M = model.compute_mass_matrix(q)

compute_coriolis(q, v)

Coriolis + centrifugal torque vector C(q,v)*v.

tau_coriolis = model.compute_coriolis(q, v)

set_gravity(gravity) / get_gravity()

Configure the gravity vector (default [0, 0, -9.81]).

model.set_gravity(np.array([0.0, 0.0, -9.81]))  # Standard gravity
model.set_gravity(np.array([0.0, 0.0, 0.0]))     # Zero-g environment

Collision Checking

Distance-Based

model.update_configuration(q)
min_dist = model.compute_min_collision_distance()   # Minimum across all pairs
distances = model.compute_collision_distances()      # All pair distances

Boolean Collision Check

model.update_configuration(q)
in_collision = model.check_collision()               # Contact check (dist <= 0)
too_close = model.check_collision(min_distance=0.02) # Proximity check

Collision Pair Management

model.get_collision_geometry_names()   # List geometry names
model.get_collision_pair_names()       # List active pairs
model.apply_collision_exclusions([("geom_a", "geom_b")])  # Disable pairs

Floating-Base Example

import embodik
import numpy as np

# Load humanoid with floating base
model = embodik.RobotModel("humanoid.urdf", floating_base=True)
print(f"nq={model.nq} (includes 7 for SE3), nv={model.nv} (includes 6 for SE3)")

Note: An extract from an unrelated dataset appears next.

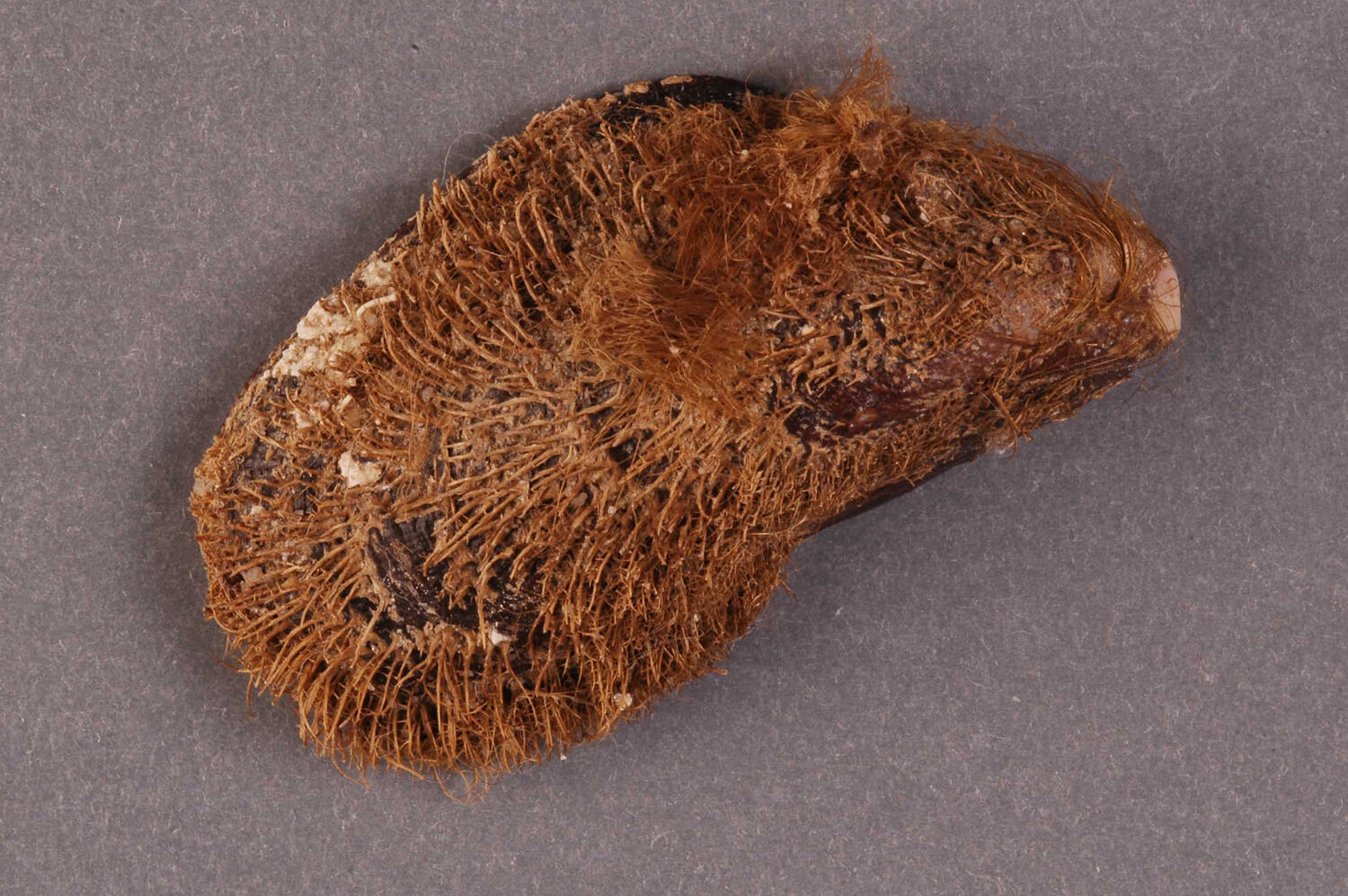 Shells of this species are dark brown with an exterior sculpture of fine radial lines (striae) and distinctive outer coating (periostracum) of long, barbed, coarse hairs. Shell up to 6 cm across.

q = model.neutral_configuration()

# Velocity: [linear_x, linear_y, linear_z, angular_x, angular_y, angular_z, joint1, ...]
v = np.zeros(model.nv)
v[0] = 0.5   # Move forward
v[5] = 0.1   # Rotate around z

# Correct manifold integration (quaternion stays normalized)
q_new = model.integrate(q, v, dt=0.01)
assert abs(np.linalg.norm(q_new[3:7]) - 1.0) < 1e-12  # Quaternion is valid!